Los gritos volvieron a surgir de la nada, y Gaviota soltó una maldición y siguió avanzando. El bosque no cambiaba nunca. El suelo del valle era plano, arena bajo capas de agujas muertas de color marrón, y se extendía kilómetros y más kilómetros hacia el este y el oeste. Con tanta abundancia de luz solar y ninguna competencia salvo la de las otras coníferas que tuvieran por vecinas, los árboles iban creciendo y desplegándose hasta que sus tiesas ramas impregnadas del perfume de la resina se entrelazaban unas con otras. Fuera cual fuese la dirección hacia la que se volviera la mirada, el bosque era como un mar de agua que llegara hasta el pecho.
«Un mal sitio para luchar», se reprochó Gaviota. Un auténtico general habría elegido otro lugar. ¿Y dónde estaba el resto de las tropas?

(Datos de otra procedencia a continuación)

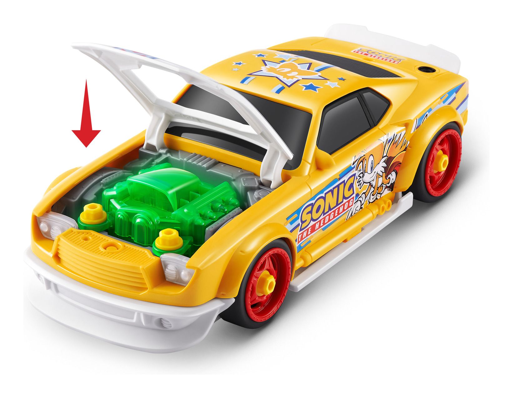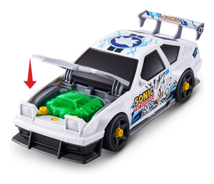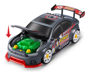 25+ Surprises inside: Break open the Helmet to discover all the parts to build your very own Sonic The Hedgehog Speed Hero, including some extra surprises! Build and customize: With 2x car bodies and stickers, you can build your own custom race car! Collect them all!: Each Sonic The Hedgehog Speed Hero comes with 2 unique car bodies. Collect all 3 to build and customize all 6 cars! Bring your Sonic The Hedgehog Speed Hero to life: Watch your Speed Hero roar to life with lights and sounds! Pack Inclusions: 2 Car main bodies, 1 Chassis, 2 Engine hoods, 2 Headlights, 2 Engine interiors, 2 Front bumpers, 1 Rear bumper, 4 Wheels, 4 Tires, 2 Wings, 1 Screwdriver, 6 Long screws, 3 Short screws, 1 Light & Sound engine, 2 Stickers, 1 Slime, 1 Instruction booklet.

Lo único que podía servir para orientarse era el tornado, que ya podía ver a pesar de estar rodeado de troncos. El torbellino se alzaba en el cielo, girando en el norte y escupiendo árboles hechos trizas como si fueran semillas de melón. Pero no parecía estar más cerca. ¿Sería posible que algo así fuera capaz de mantenerse inmóvil en el mismo sitio? ¿Podría un hechicero conjurar un tornado y dirigirlo después? Eso sería como guiar una montaña.